§ Task requirements:
Work through the listing below and give again exactly the lines from the one with "3年生は、響きの学び舎の3小" to the one with "(总)蓝冰家纺 2025新款", both ends included. All other lines and all pictures stay out.

───── Source material ─────

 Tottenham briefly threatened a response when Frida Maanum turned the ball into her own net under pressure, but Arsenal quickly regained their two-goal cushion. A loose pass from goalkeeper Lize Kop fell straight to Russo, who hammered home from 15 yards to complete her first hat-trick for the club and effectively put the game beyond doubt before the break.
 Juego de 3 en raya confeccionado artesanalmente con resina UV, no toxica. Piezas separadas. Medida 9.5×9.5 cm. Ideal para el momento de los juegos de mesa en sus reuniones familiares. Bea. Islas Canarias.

─────
───── Source material ─────

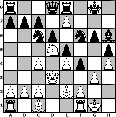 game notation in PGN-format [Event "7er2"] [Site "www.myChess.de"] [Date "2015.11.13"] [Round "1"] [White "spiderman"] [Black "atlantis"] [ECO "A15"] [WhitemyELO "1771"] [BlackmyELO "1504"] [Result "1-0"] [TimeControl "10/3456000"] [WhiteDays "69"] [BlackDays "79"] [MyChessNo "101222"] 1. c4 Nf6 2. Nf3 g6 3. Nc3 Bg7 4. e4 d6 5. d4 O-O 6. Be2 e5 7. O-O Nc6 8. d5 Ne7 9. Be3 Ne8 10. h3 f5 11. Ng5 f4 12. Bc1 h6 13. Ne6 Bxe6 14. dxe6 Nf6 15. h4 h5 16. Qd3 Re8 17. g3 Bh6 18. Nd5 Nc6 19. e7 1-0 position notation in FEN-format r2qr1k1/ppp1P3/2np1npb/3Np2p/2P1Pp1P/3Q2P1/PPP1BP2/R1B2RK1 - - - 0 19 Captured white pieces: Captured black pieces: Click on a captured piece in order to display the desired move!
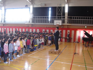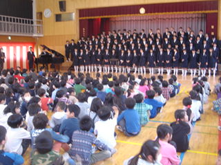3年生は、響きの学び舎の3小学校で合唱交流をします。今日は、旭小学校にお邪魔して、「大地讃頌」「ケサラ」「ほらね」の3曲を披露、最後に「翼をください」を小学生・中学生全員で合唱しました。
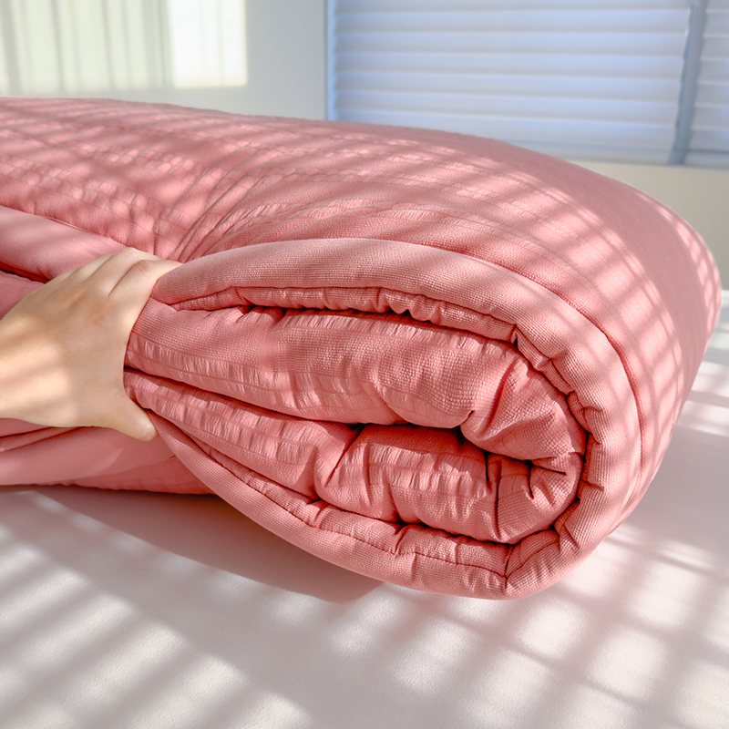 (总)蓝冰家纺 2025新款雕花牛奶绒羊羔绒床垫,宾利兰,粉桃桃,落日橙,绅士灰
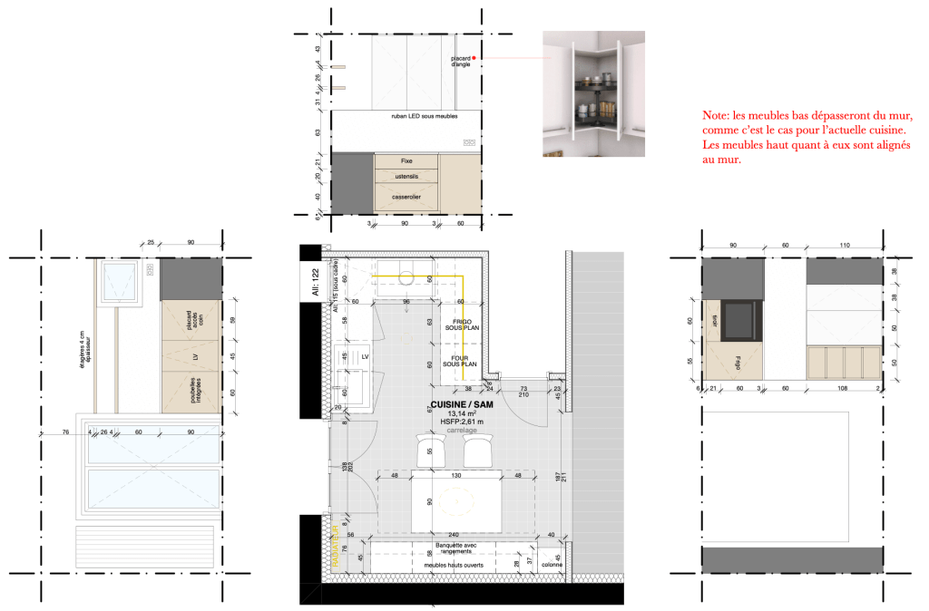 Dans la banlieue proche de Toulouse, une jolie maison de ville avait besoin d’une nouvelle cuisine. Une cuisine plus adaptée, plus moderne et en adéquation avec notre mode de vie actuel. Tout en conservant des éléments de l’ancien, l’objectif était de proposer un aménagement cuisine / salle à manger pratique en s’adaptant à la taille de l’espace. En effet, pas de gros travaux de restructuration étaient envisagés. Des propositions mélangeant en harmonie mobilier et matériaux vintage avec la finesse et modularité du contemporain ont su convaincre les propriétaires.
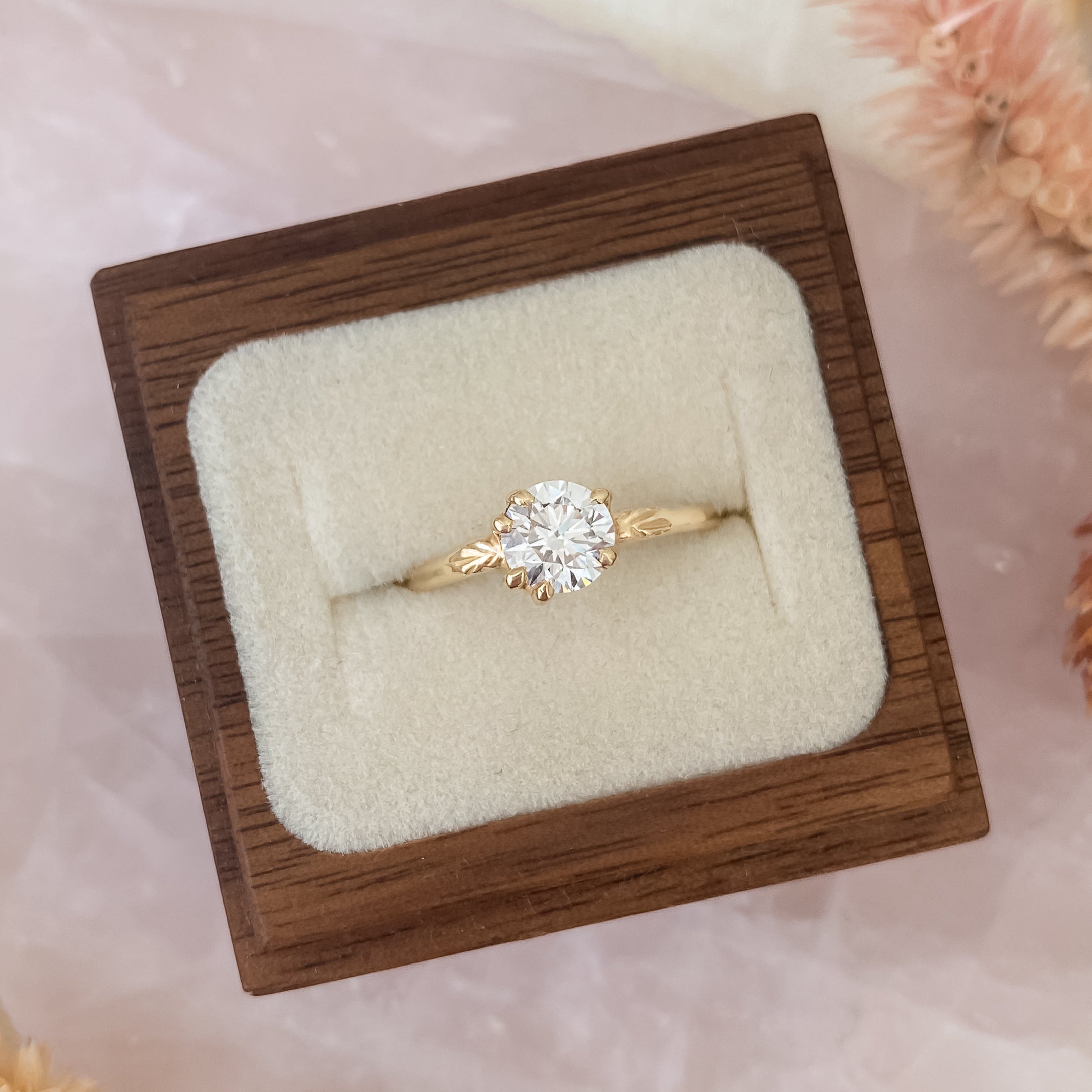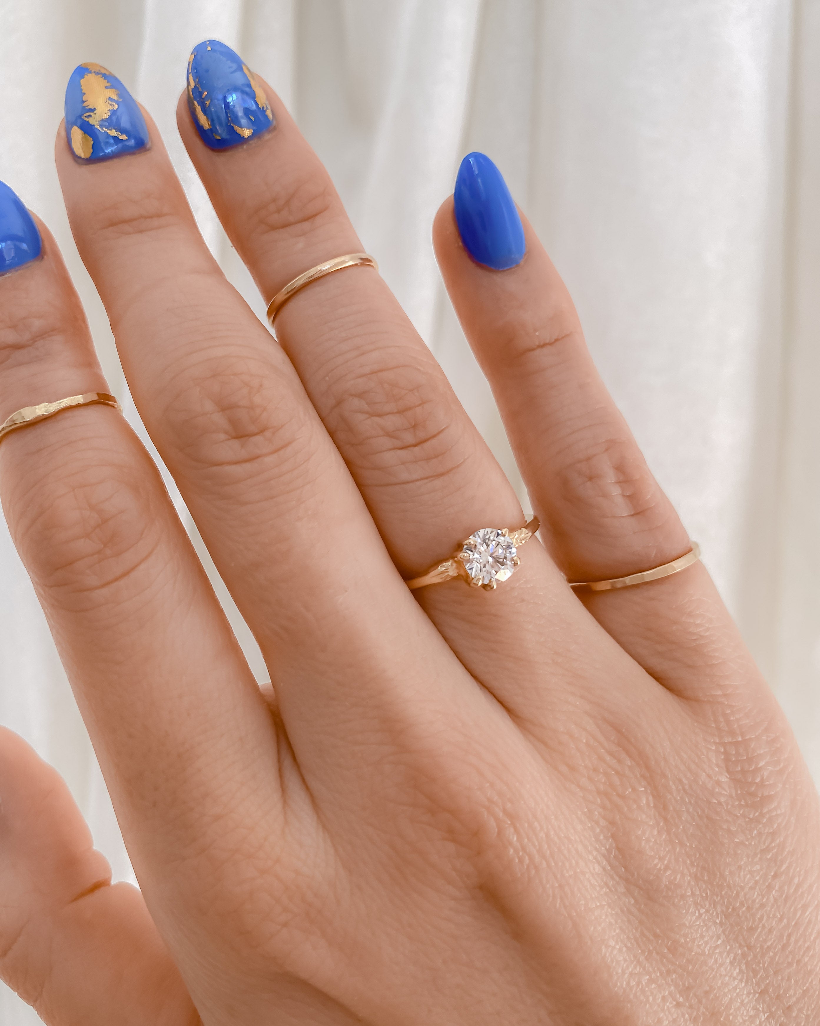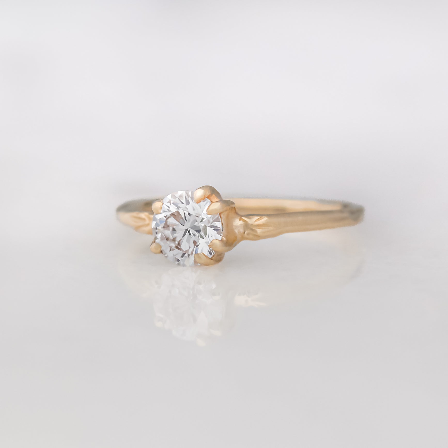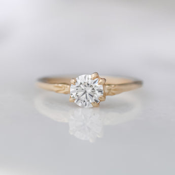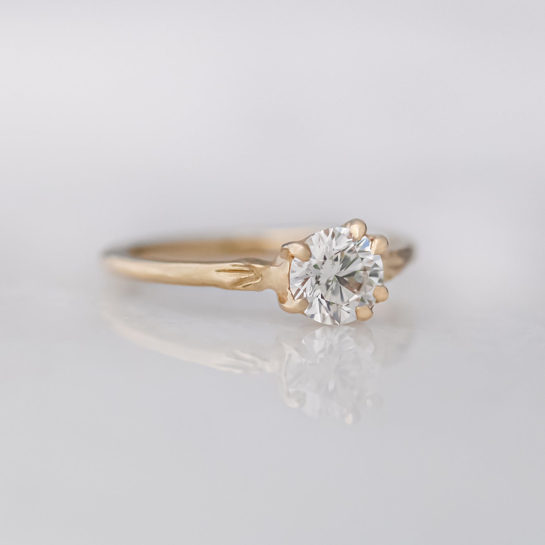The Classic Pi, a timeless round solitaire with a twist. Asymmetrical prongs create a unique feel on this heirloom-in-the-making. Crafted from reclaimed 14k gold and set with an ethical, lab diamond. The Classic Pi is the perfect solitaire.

─────

§ Response:
3年生は、響きの学び舎の3小学校で合唱交流をします。今日は、旭小学校にお邪魔して、「大地讃頌」「ケサラ」「ほらね」の3曲を披露、最後に「翼をください」を小学生・中学生全員で合唱しました。
 (总)蓝冰家纺 2025新款雕花牛奶绒羊羔绒床垫,宾利兰,粉桃桃,落日橙,绅士灰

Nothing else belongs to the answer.